COMPUTATION OF DRUG COMPOSITION

FIELD OF THE INVENTION

The invention relates to the computing of a desired composition of a drug.

BACKGROUND OF THE INVENTION

The heart is an intricate system which functioning is vital for the well being of every person and severe malfunctioning of the heart may be fatal. A large group of cardiac malfunctioning relates to various forms of cardiac arrhythmia.

Various types of treatment for cardiac arrhythmia have been developed. A widely used type of treatment relates to the use of anti-arrhythmic drugs. In the development of new improved drugs, computer models can be used to study the effect of known anti-arrhrythmic drugs. In such models, a specific mathematical model of cardiac cells is typically considered, and the application of a certain drug is analyzed in terms of changed properties of the cell in order to identify candidate drugs which are likely to reduce certain types of arrhythmia. However, despite intense research into identifying drug candidates, about 300.000 people die of cardiac arrhythmia in the form of ventricular fibrillation per year in the US alone.

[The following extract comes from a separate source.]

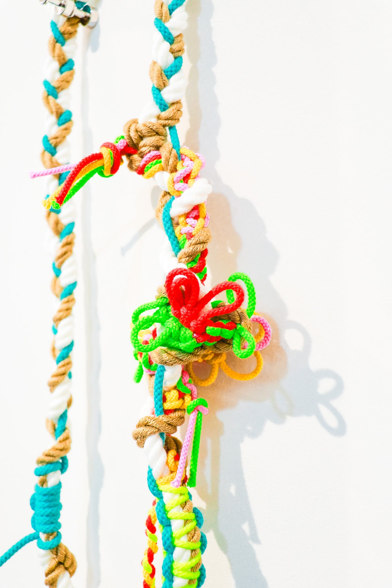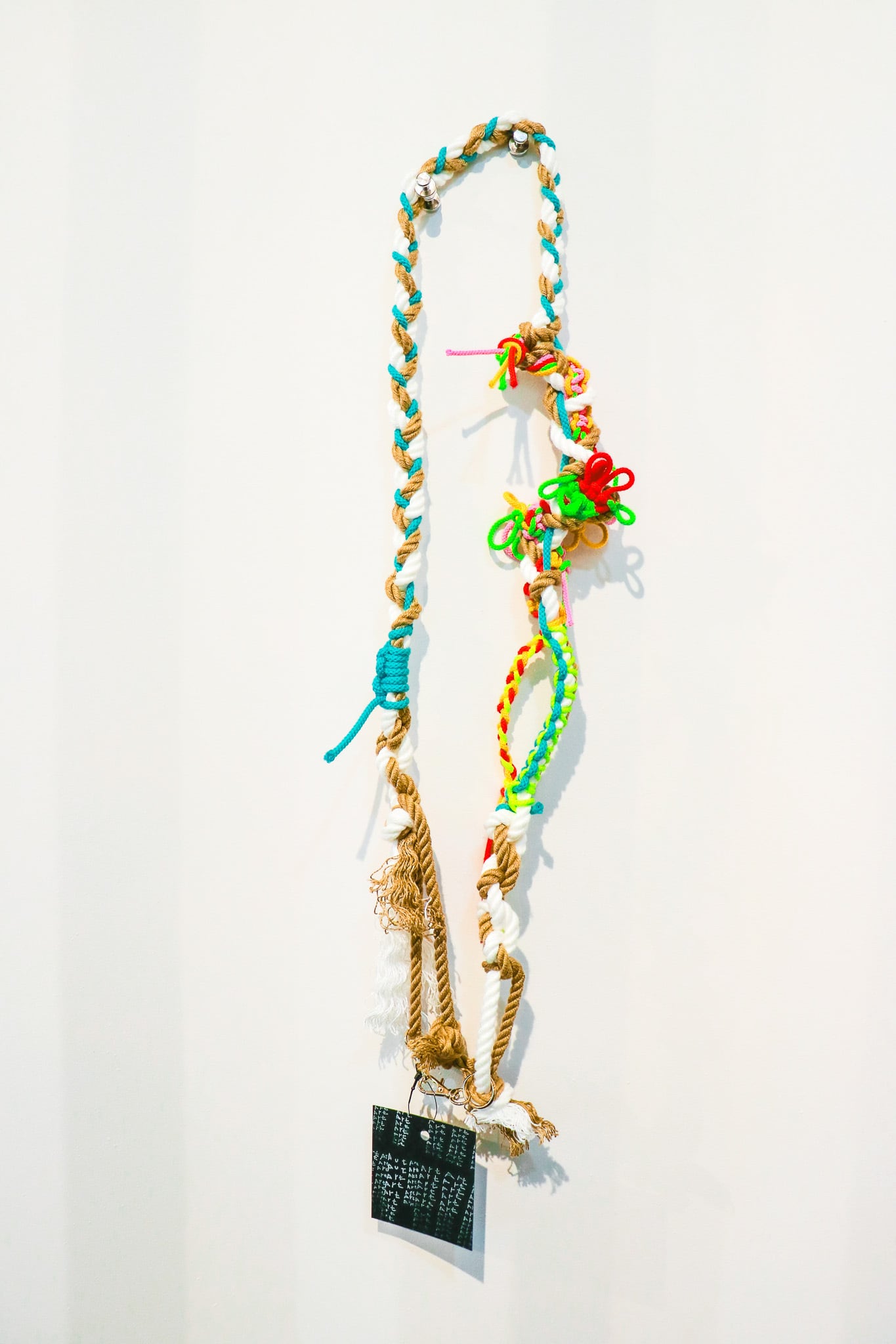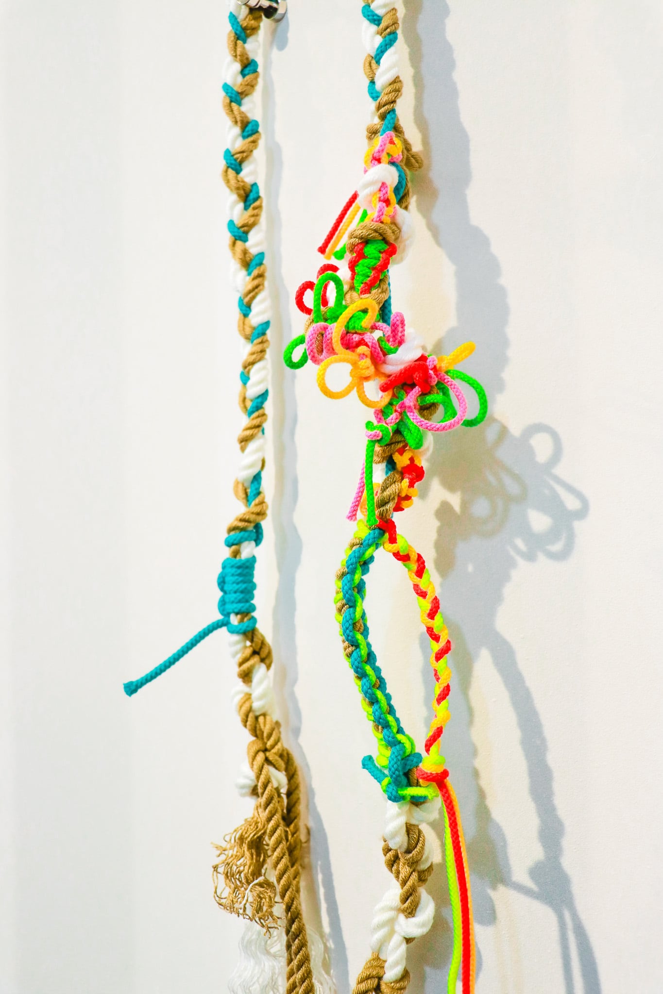 ロープ状の編み込みやフリンジ、結びのモチーフが重なり合い、ひとつの作品のような存在感。

The inventors of the present invention have appreciated that an alternative approach to finding candidate drug wound be of benefit, and have in consequence devised the present invention.

SUMMARY OF THE INVENTION

It is an object of the present invention to provide an approach which may lead to the identification of improved drugs which may be used to treat cell related malfunctioning, such a malfunctioning of cadiomyocytes. To this end, the inventors of the present invention have had the insight that the composition of a drug may be determined by computing desired properties of the drug.

According to a first aspect of the present invention there is provided, a method for computing a desired composition of a drug, the method comprising : - defining a test drug in terms of a number of components, where each component represents an effect to normal cells and to pathogenic cells;

- accessing a drug model, wherein the drug is modelled in terms of known effects to normal cells and to pathogenic cells, wherein the effect of the test drug to the normal cells and to the pathogenic cells can be determined, and wherein a physiological property of the normal cells and of the pathogenic cells can be determined by the drug model;

- determining the weight of each component of the test drug by minimizing the difference in the physiological property:

between the normal cell after the test drug has been applied and the normal cell prior to applying the test drug, and

between the pathogenic cell after the test drug has been applied and the normal cell prior to applying the test drug

- setting the desired composition of the test drug as the composition defined by the weights of the components.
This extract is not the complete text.